The Faces of Jesus
- Author: Frederick Buechner
- Language: English
- Publisher: Simon and Schuster, NY
- Publication date: 1974
- Preceded by: Wishful Thinking: a theological ABC
- Followed by: Telling the Truth: the Gospel as tragedy, comedy, and fairy tale

= The Faces of Jesus =

1974 book by Frederick Buechner

The Faces of Jesus: a life story is a collection of meditations by Frederick Buechner on the life and person of Jesus Christ. The work gathers and discusses a selection of artistic portrayals of Jesus, including a variety of forms, from tapestry to sculpture. Published in 1974 by Simon and Schuster, Faces of Jesus is Buechner’s fifth non-fiction work.

== Composition ==
In his autobiographical work, Now and Then (1983), Buechner recalls being asked to "supply a text to accompany a beautifully reproduced set of color photographs of various attempts over the centuries to depict the likeness of Christ". The author describes the visual content as "rich and varied", including "primitive African carvings, Renaissance paintings, medieval tapestries and vestments, a scrimshaw crucifixion, a head of Jesus painted on the slatted overhead door of a garage". "Some of them", Buechner writes, were "deeply moving, some of them tasteless and terrible, some of them fascinatingly both".

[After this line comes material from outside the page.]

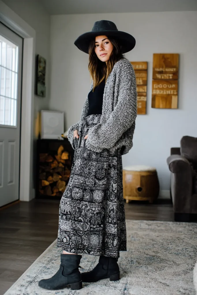This outfit is the perfect mix of cozy comfort and boho charm. She’s wearing a chunky gray knit cardigan layered over a fitted black top, paired with a flowy black-and-white printed maxi skirt. The wide-brim hat adds that effortless boho edge, while the black suede ankle boots pull everything together with a grounded touch. It’s relaxed, textural, and ideal for chilly mornings or slow afternoons at home.

The author compares the composition of his fifth non-fiction work to that of his fourth and seventh. In The Faces of Jesus, he writes, "I responded to the pictures, just as in Wishful Thinking and Peculiar Treasures I responded to my memories of teaching at Exeter". Concerning writing as “response” to material and memory, Buechner writes that the work is not "in any sense either a scholar’s life of Christ or a complete life, but as much of a life as emerged from the pictures themselves."

== Themes ==
Buechner scholar Dale Brown writes that The Faces of Jesus represents the author’s "single foray into the coffee-table genre". It is perhaps unsurprising, however, that Buechner would choose to take on the project, since incarnation, as Marjorie Casebier McCoy writes, "is an underlying theme in all Buechner’s work". Despite its more casual nature, the work is still redolent with the themes that are common throughout Buechner’s work. Brown identifies these as the search for meaning, the quest for self-identity, the ambiguities of life, and belief versus unbelief. This is presence of these themes is especially apparent in the introduction, which the author begins with the phrase: "Whoever he was or was not, whoever he thought he was, whoever he has become in the memories of men since and will go on becoming for as long as men remember him – exalted, sentimentalized, debunked, made and remade to the measure of each generation’s desire, dread, indifference – he was a man once, whatever else he may have been".